Mathematical modeling heat and mass transfer processes in porous media

On late development stages of oil-fields appears a complex problem of oil-recovery reduction. One of solution approaches is injecting of surfactant together with water in the form of active impurities into the productive layer -- for decreasing oil viscosity and capillary forces between ``oil-water'' phases system. In fluids flow the surfactant can be in three states: dissolved in water, dissolved in oil and adsorbed on pore channels' walls. The surfactant's invasion into the reservoir is tracked by its diffusion with reservoir liquid and mass-exchange with two phase (liquid and solid) components of porous structure. Additionally, in this case heat exchange between fluids (injected, residual) and framework of porous medium has practical importance for evaluating of temperature influences on enhancing oil recovery. Now, the problem of designing an adequate mathematical model for describing a simultaneous flowing heat and mass transfer processes in anisotropic heterogeneous porous medium --surfactant injection during at various temperature regimes has not been fully researched. In this work is presents a 2D mathematical model of surfactant injections into the oil reservoir. Description of heat- and mass transfer processes in a porous media is done through differential and kinetic equations.
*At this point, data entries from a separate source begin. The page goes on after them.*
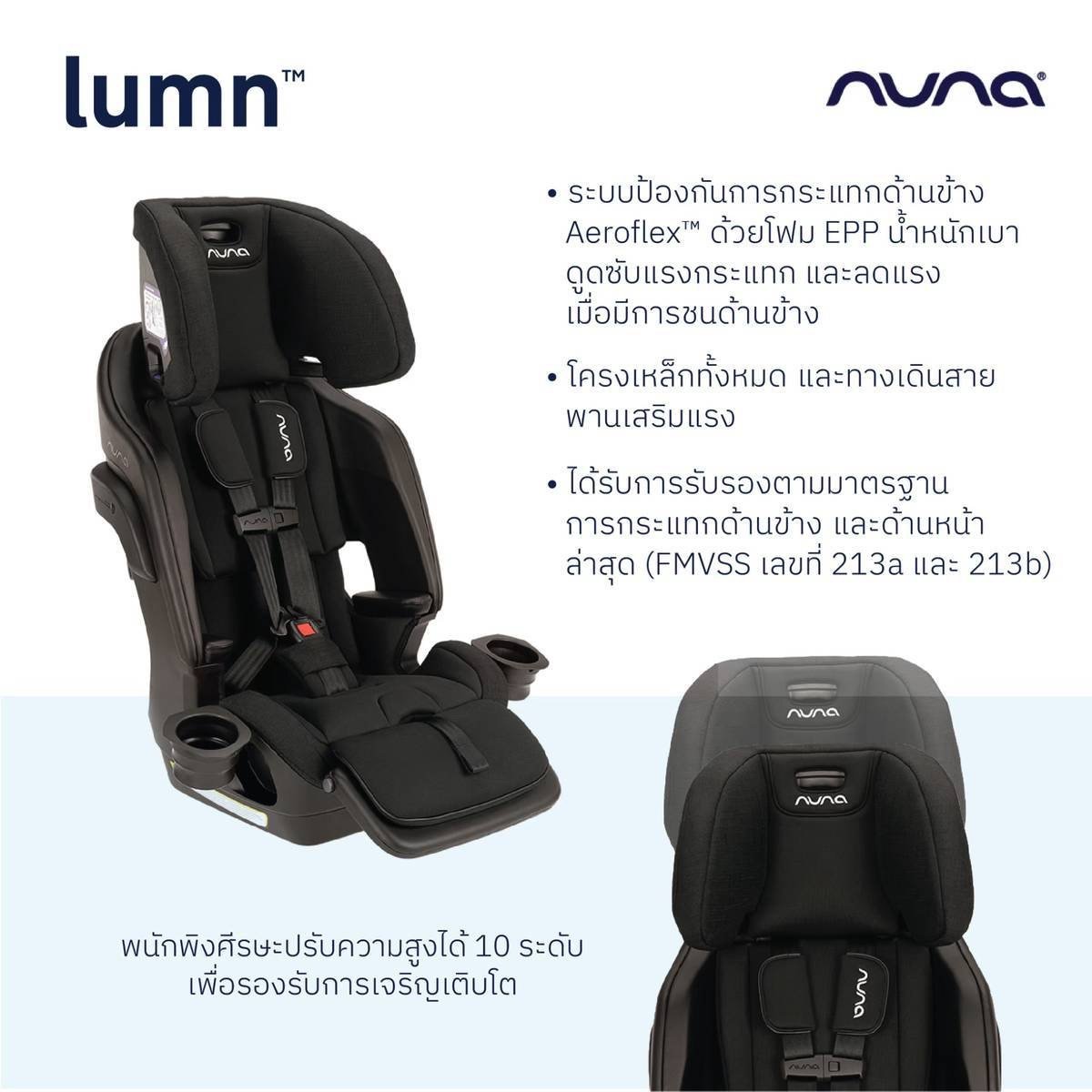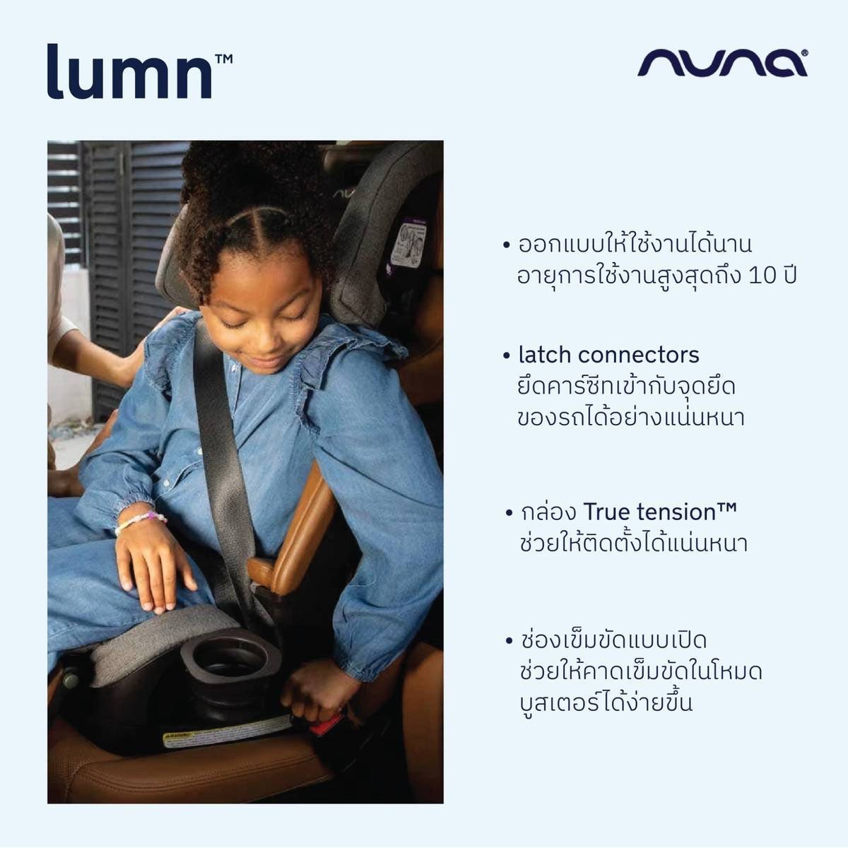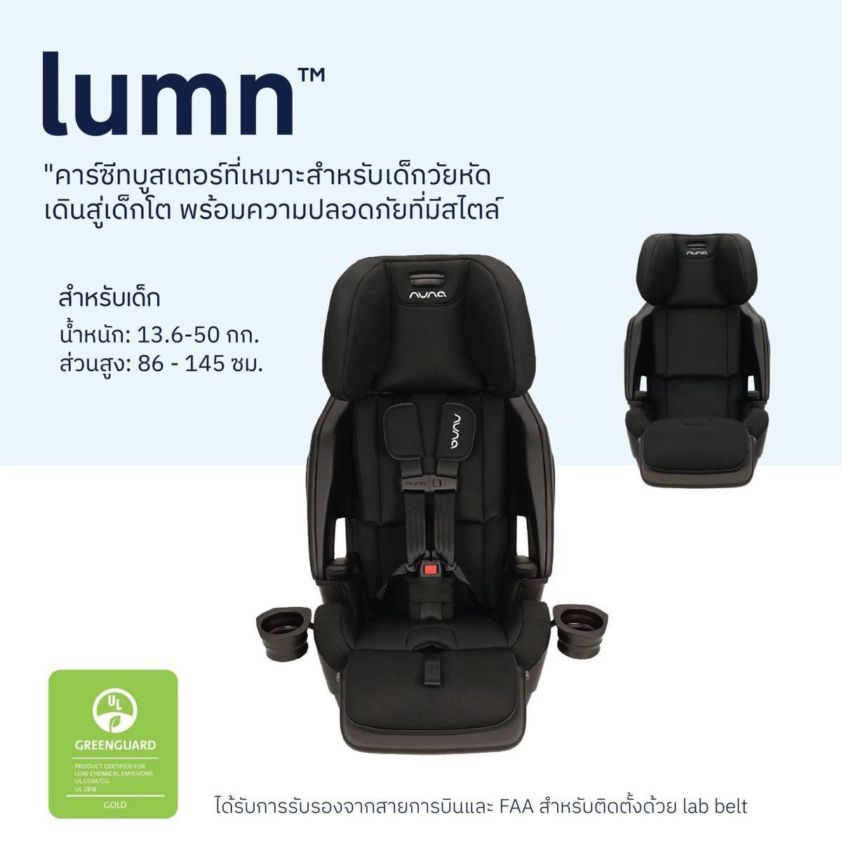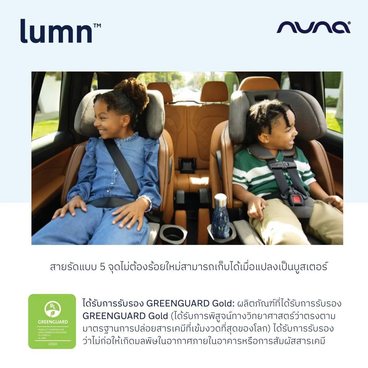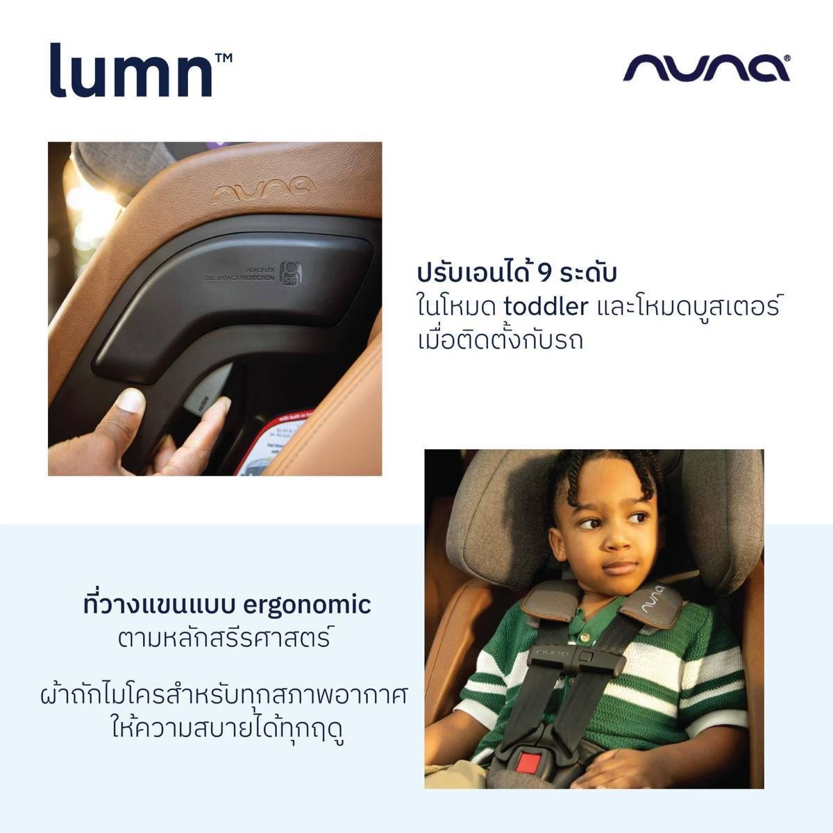 บอกลาอาการกลอกตาและคำพูดว่า "โตเกินกว่าจะใช้อันนี้แล้ว" และสวัสดีกับเบาะนั่งรถยนต์ที่เข้าใจภาษาของลูกคุณ NUNA The LUMN คือเบาะนั่งหันหน้าไปข้างหน้าที่ปรับเปลี่ยนจากเบาะล็อกสายรัดเป็นเบาะบูสเตอร์ที่ช่วยให้ลูกคุณเติบโตได้อย่างมั่นใจ พร้อมสไตล์เท่แบบเด็กโต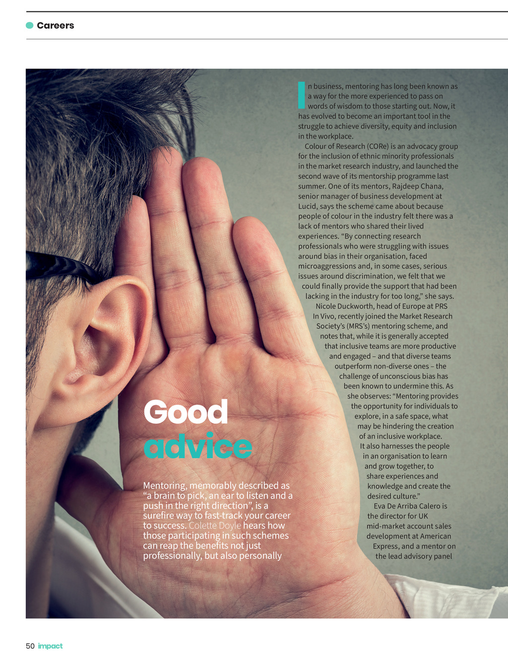 Careers I Good advice Mentoring, memorably described as a brain to pick, an ear to listen and a push in the right direction, is a surefire way to fast-track your career to success. Colette Doyle hears how those participating in such schemes can reap the benefits not just professionally, but also personally n business, mentoring has long been known as a way for the more experienced to pass on words of wisdom to those starting out. Now, it has evolved to become an important tool in the struggle to achieve diversity, equity and inclusion in the workplace. Colour of Research (CORe) is an advocacy group for the inclusion of ethnic minority professionals in the market research industry, and launched the second wave of its mentorship programme last summer. One of its mentors, Rajdeep Chana, senior manager of business development at Lucid, says the scheme came about because people of colour in the industry felt there was a lack of mentors who shared their lived experiences. By connecting research professionals who were struggling with issues around bias in their organisation, faced microaggressions and, in some cases, serious issues around discrimination, we felt that we could finally provide the support that had been lacking in the industry for too long, she says. Nicole Duckworth, head of Europe at PRS In Vivo, recently joined the Market Research Societys (MRSs) mentoring scheme, and notes that, while it is generally accepted that inclusive teams are more productive and engaged and that diverse teams outperform non-diverse ones the challenge of unconscious bias has been known to undermine this. As she observes: Mentoring provides the opportunity for individuals to explore, in a safe space, what may be hindering the creation of an inclusive workplace. It also harnesses the people in an organisation to learn and grow together, to share experiences and knowledge and create the desired culture. Eva De Arriba Calero is the director for UK mid-market account sales development at American Express, and a mentor on the lead advisory panel 50 Impact ISSUE 37 2022_pp50-51_Careers.indd 50 28/03/2022 15:36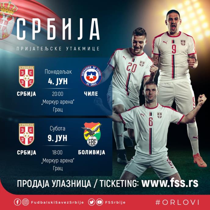Prvi kontrolni meč je 4. juna od 20 časova protiv aktuelnog šampiona Južne Amerike Čilea, dok se druga utakmica igra 9. juna od 18 sati protiv selekcije Bolivije.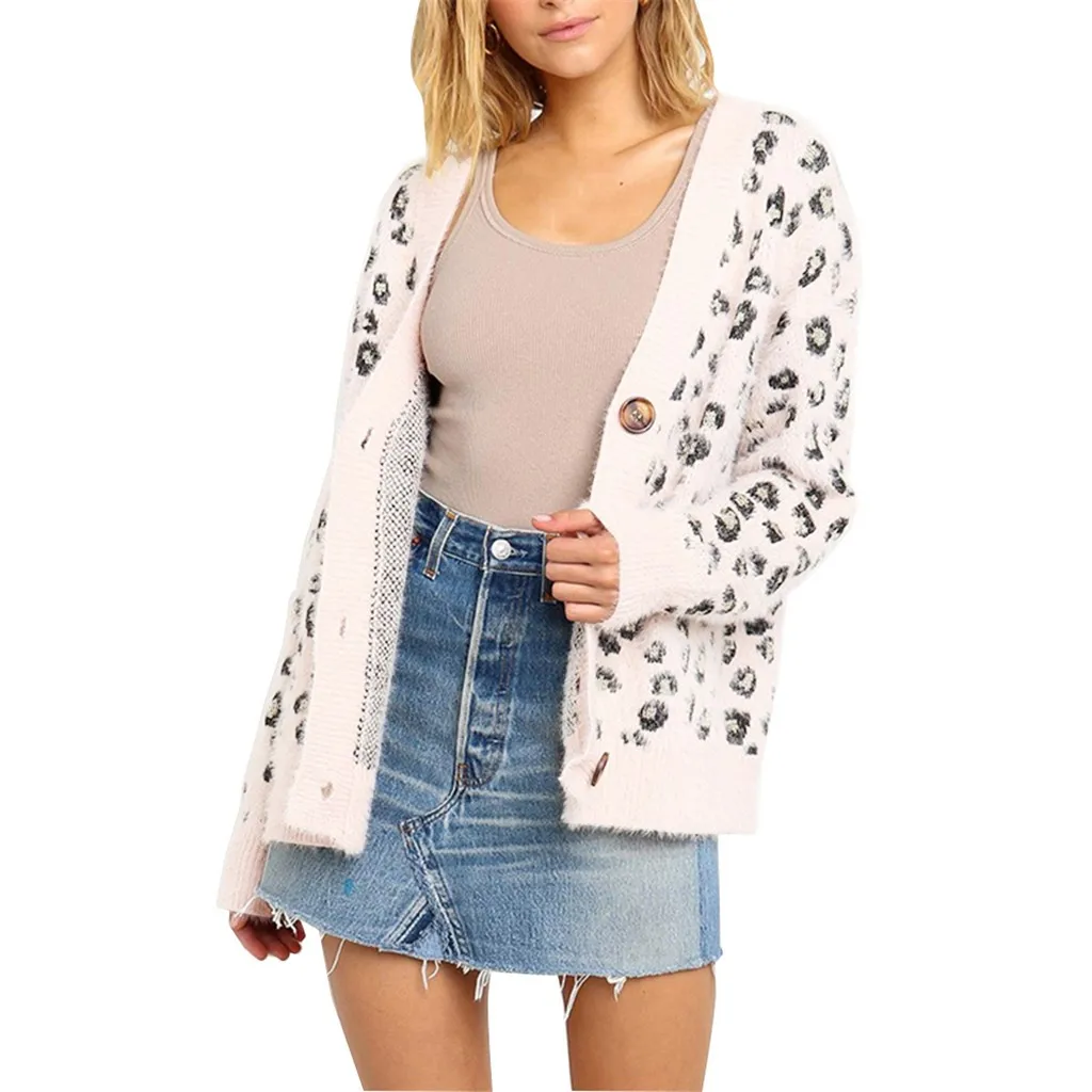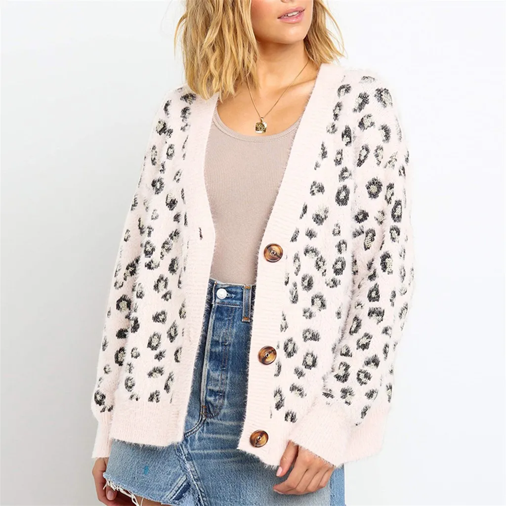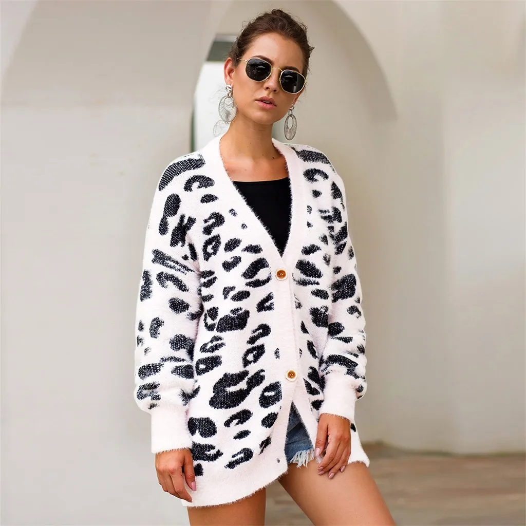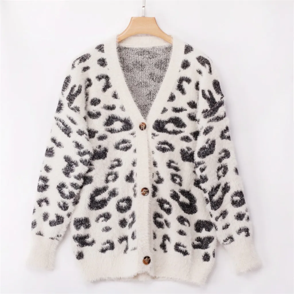 Женский трикотажный Леопардовый пуловер с длинным рукавом и v-образным вырезом большого размера

For designing a computational algorithm is used modify version of IMPES method. The sequential and parallel computational algorithms are developed using an adaptive curvilinear meshes which into account heterogeneous porous structures. In this case we can evaluate the boundaries of our process flows -- fronts (``invasion'', ``heat'' and ``mass'' transfers), according to the pressure, temperature, and concentration gradient changes.